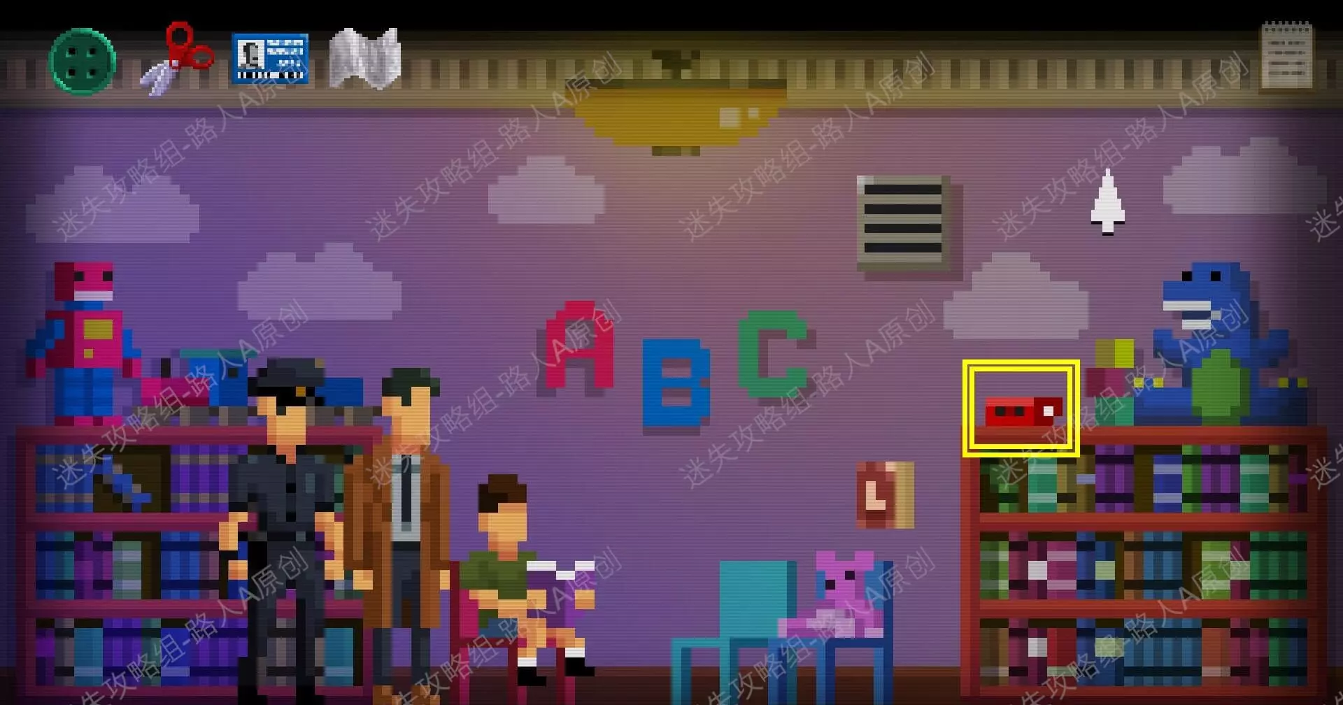 4.前往右边的【儿童区】,拾取书架上的【三维魔景机】。4.1
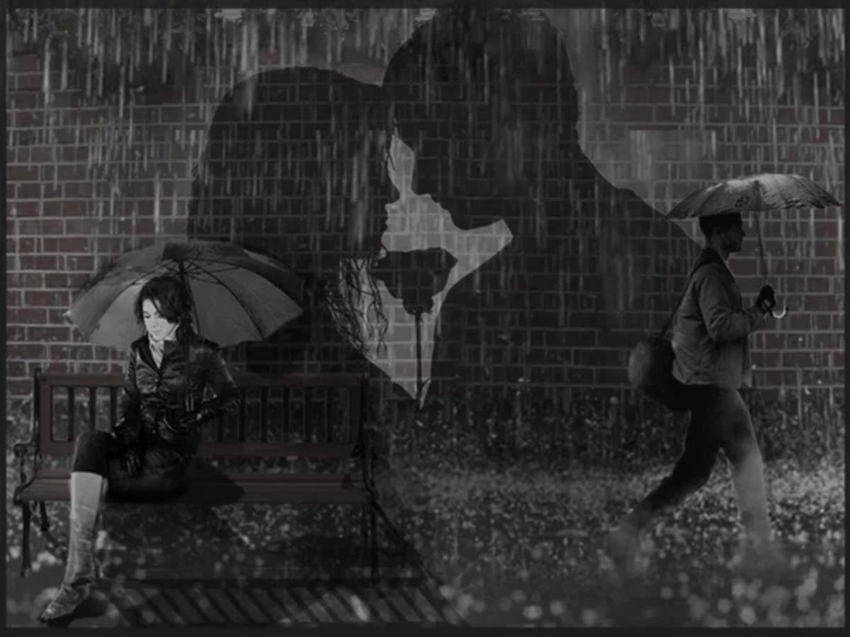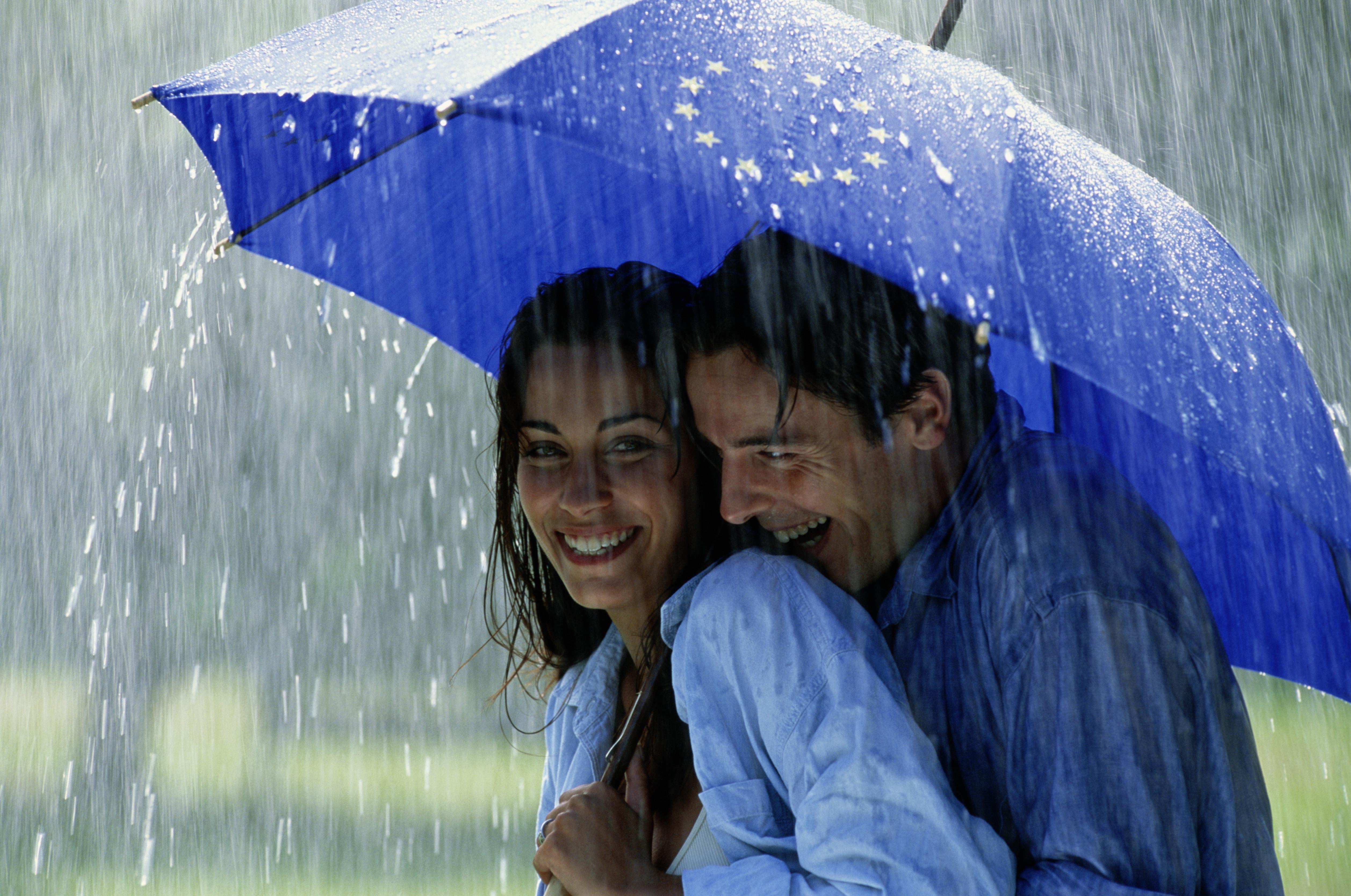 ![Двое влюбленных под дождем]()
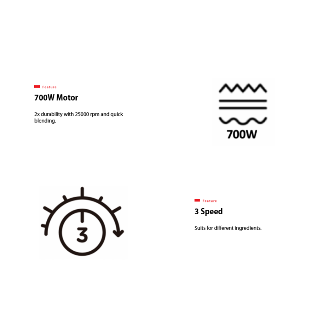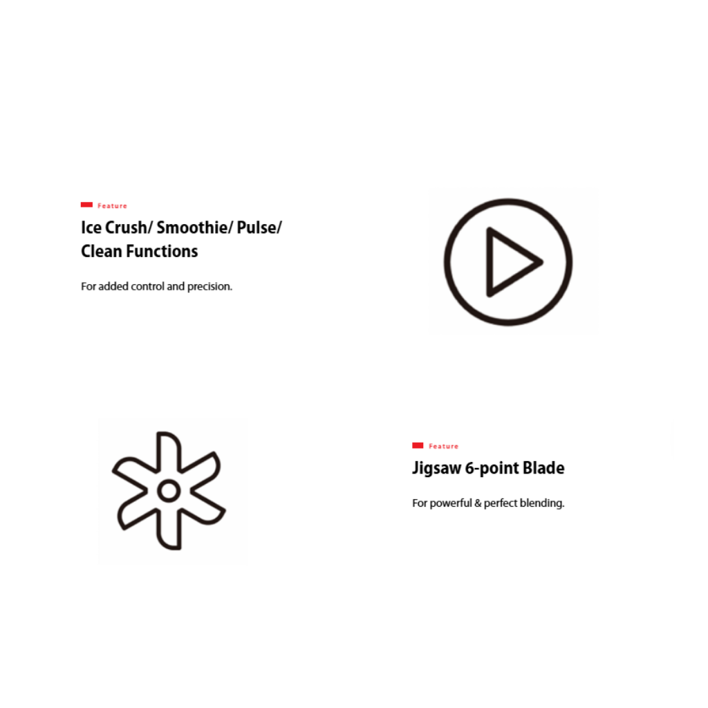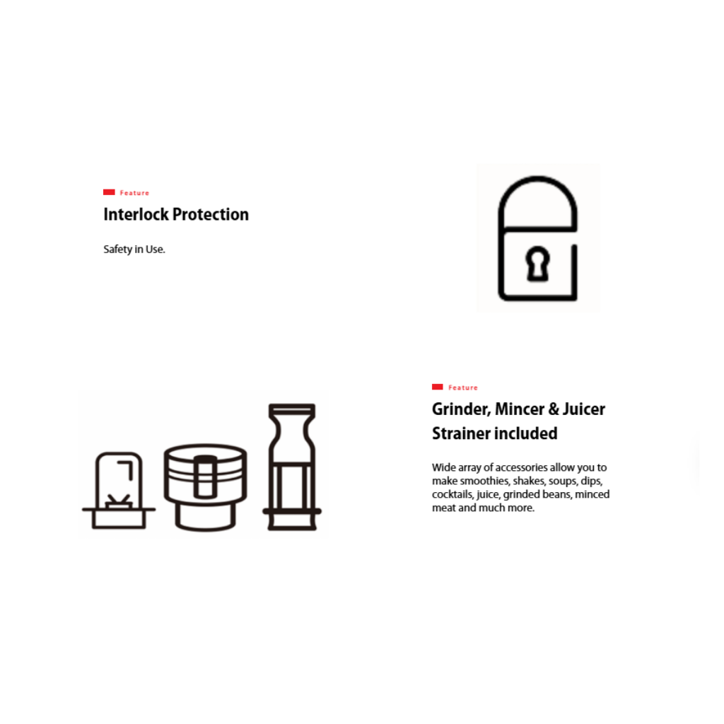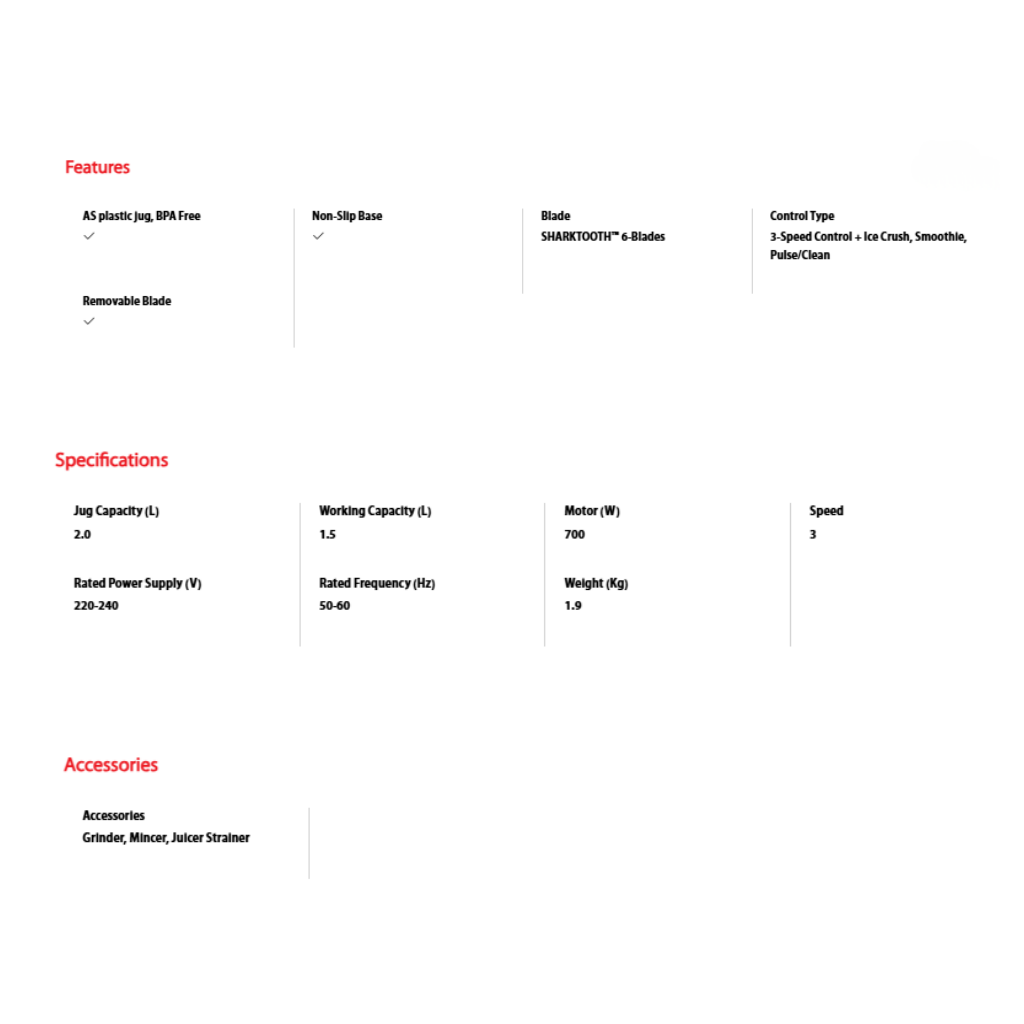 • 3-Speed Control • Smoothie and Ice Crush Function • 2.0L Jug Capacity • 700W Motor • Jigsaw 6-point Blade • Anti-slip Feet • Interlock Protection • Grinder, Mincer & Juicer Strainer included • Removable Blade
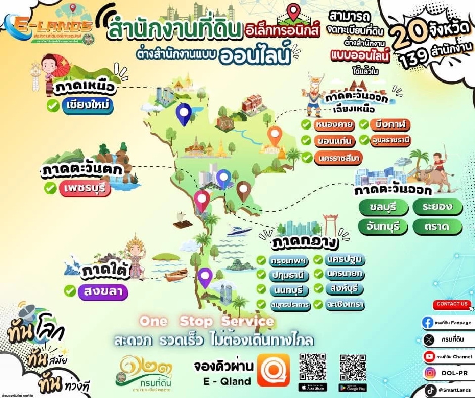 กรมที่ดิน ได้แจ้งข่าวดี ประชาชนสามารถ โอน ซื้อ ขายที่ดินออนไลน์ ได้แล้ว 20 จังหวัด 139 สำนักงานทั่วประเทศ เพราะล่าสุด วันนี้ 3 เมษายน 2567 นายพรพจน์ เพ็ญพาส อธิบดีกรมที่ดิน ได้ทำพิธีเปิดสำนักงานที่ดินอิเล็กทรอนิกส์ จดทะเบียนต่างสำนักงานแบบออนไลน์เพิ่มเติมในพื้นที่ดังนี้
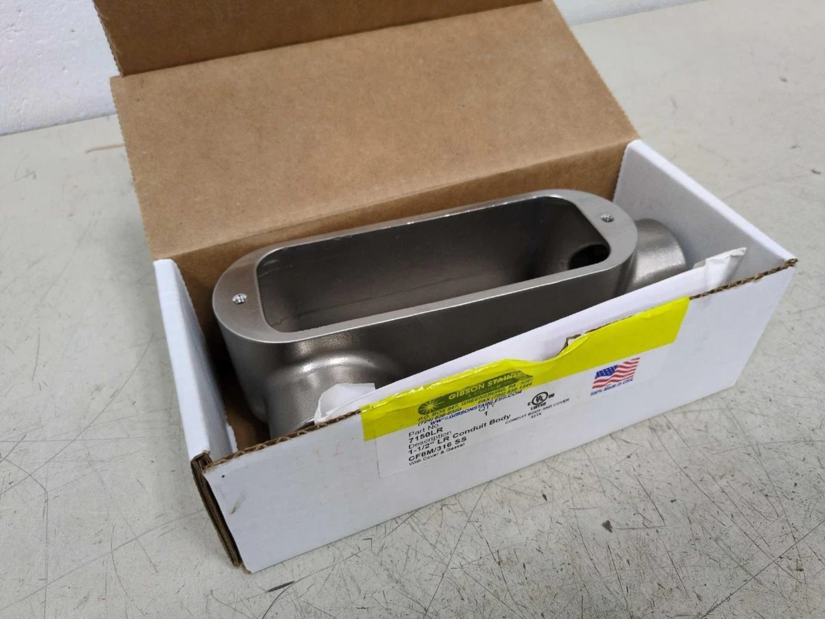 NIB Gibson Stainless 7150LR 1-1/2 Conduit LR Body CF8M 316SS Cover Gasket NIB Gibson Stainless 7150LR 1-1/2 Conduit LR Body CF8M 316SS Cover Gasket Click images to enlarge Description INV 7853 New in Factory Sealed Box Gibson Stainless 7150LR 1-1/2" Conduit LR Body CF8M/316SS with Cover and Gasket Make: Gibson Stainless Model: 7150LR Type: Conduit LR Body Size: 1-1/2" Material: CF8M/316SS Design: LR Style: Form 8 Material: -Body: CF8M (316 SS) -Cover and Screws: 316 SS -Gasket: Neoprene Compliances: UL Listed for Canada and US (Standard 514A) UL File Number QCIT.E300676 Canada UL File Number DWTT7.E300676 Suitable for wet locations. 100% Made in USA Weight: 4 lbs 10 oz Dimensions: 9-3/4" x 4-1/4" x 3-1/2" Get images thatmake Supersized seem small.Showcase your items with Auctiva'sListing Templates!THE simple solution for eBay sellers.
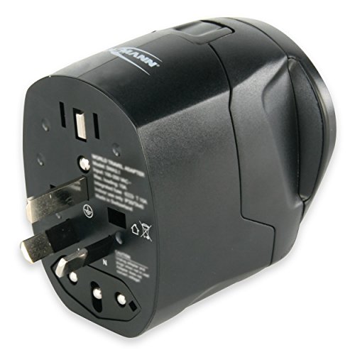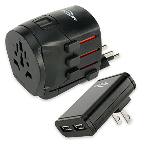 ANSMANN All in One 3 Universal Travel Adapter worldwide (US, UK, EU, AU) Travel Power Plug World Charger AC Power Socket International + Dual USB Charger
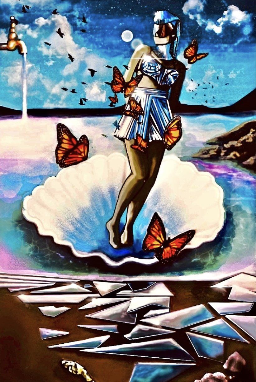 Heike Blakley, Future Reflections - I wanted to convey the spiritual process of a shattering ego and rebirth. I chose the colors to represent the deep emotion, wisdom, tranquility, strength and resilience that comes with spiritual growth. Feelings (water) then dries as it leaves reflections of a broken past that’s no longer needed. A “death,” (dead fish) of who we once were is all that’s left to review and soon to decay going back into the universe. Self reflection and metamorphosis is the basic theme in most of my art, I prefer using aliens as a representation of the alienated feelings we as humans experience and I feel it lessens the chance of color/race/gender bias in order to convey messages more easily.
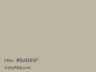 Hex #bab89f Color is a light yellow color and the nearest color is Eagle #b6baa4. Hex code #bab89f and RGB value is rgb(186,184,159). In RGB color space, this color is composed of 73% red, 72% green, 62% blue, In CMYK color space, this color is composed of 0% cyan, 1% magenta, 15% yellow , 27% black , In HSL color space, this color has a hue angle of 56° , 16% saturation and 68% lightness.

> [Your task]
Exactly as they stand, set down the lines from the start of the material through the line with "included • Removable Blade", both ends included, omitting the pictures.

> [Task answer]
 4.前往右边的【儿童区】,拾取书架上的【三维魔景机】。4.1
 ![Двое влюбленных под дождем]()
 • 3-Speed Control • Smoothie and Ice Crush Function • 2.0L Jug Capacity • 700W Motor • Jigsaw 6-point Blade • Anti-slip Feet • Interlock Protection • Grinder, Mincer & Juicer Strainer included • Removable Blade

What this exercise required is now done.